実績として特筆すべきは、2022年春にオープンした鹿児島県鹿児島市天文館の再開発ビル「CenTerrace TENMONKAN(センテラス天文館)」との協業です。地下1階・地上15階建、延べ面積約36,682平方メートルという大規模施設の開発を皮切りに、全国の商業施設との協業を展開してきました。さらに2026年2月には、同社が運営・支援に関わる「GURUNAVI FOODHALL WYE 栄」において最短3ヶ月からの「短期出店」の受付を開始するなど、飲食店に対して柔軟かつ低リスクな出店環境を提供するモデルへと進化させています。
こうした店舗開発事業で培われた実店舗のコンセプトメイク、立地選定、オペレーション構築、ITツールによる売上・行動分析のノウハウが社内に十分蓄積されたからこそ、自社直営店の出店が実現しました。他社の支援から自社直営へのステップアップは、取得するデータの質と量を高め、事業モデルの解像度を上げるための論理的な帰結だったのです。
ドーナツ市場の成長性:グローバルで拡大を続ける有望セクター
ぐるなびが数あるスイーツ領域の中からドーナツを選択した理由を理解するには、市場の構造的な成長性を知る必要があります。世界のドーナツ市場は2024年時点で128億米ドルという巨大な市場価値を有しており、2025年から2037年までの予測期間を通じて年平均成長率(CAGR)4.6%で推移し、2037年には282億米ドル規模にまで拡大すると推計されています。
この持続的な市場拡大の背景には、先進国を中心としたライフスタイルの変化に伴う間食ニーズの多様化があります。プレミアム素材を使用した高単価商品の開発による市場の押し上げや、フードデリバリープラットフォームの普及による購買機会の増加など、複合的な要因が成長を支えています。
ぐるなびにとって、このマクロな成長軌道に乗る市場に参入することは、事業のリスクを抑えながら将来的なスケーラビリティを確保する意味で重要です。日本国内のトレンドが落ち着きを見せたとしても、グローバルな需要が下支えする商材であれば、インバウンド需要の取り込みや将来的な海外展開、事業のフランチャイズ化といった多様な展開が可能となります。

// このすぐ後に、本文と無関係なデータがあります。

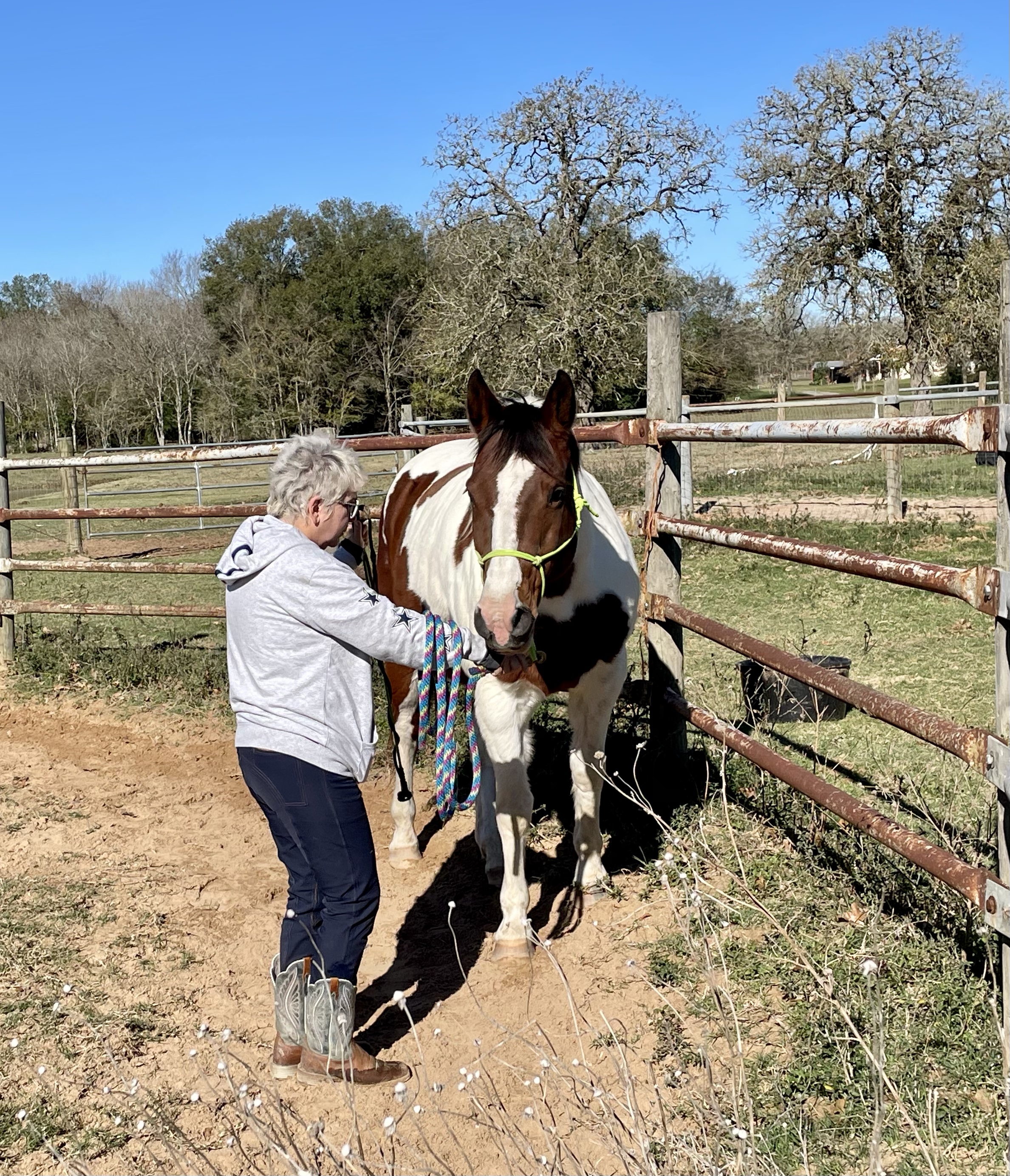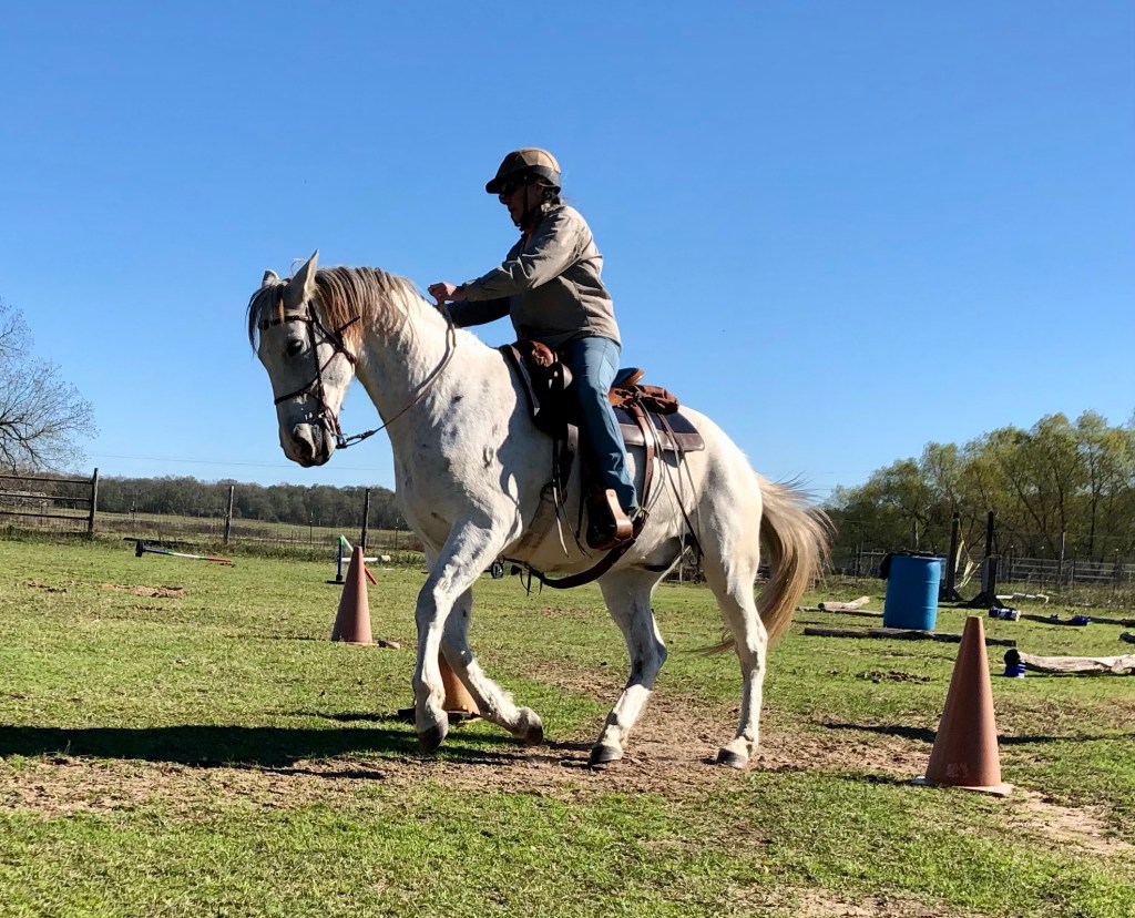 She said the way I’d been taught to do the one-rein stop and make him yield his hindquarters actually gave him power. So I will learn new things and so will he. I’m so glad we did this.

第3次ドーナツブームの特徴:過去のブームとの決定的な違い
現在の日本国内では「第3次ドーナツブーム」と呼ばれる市場活況が続いており、これがぐるなびの参入判断を後押しした大きな要因です。過去には外資系大手チェーンの日本上陸による第1次ブーム、大手コンビニエンスストア各社がレジ横で販売を開始した第2次ブームがありました。しかし現在の第3次ブームは、商品の「質的転換」と「視覚的価値の極大化」、そして「多様な食体験の追求」という点で過去とは一線を画しています。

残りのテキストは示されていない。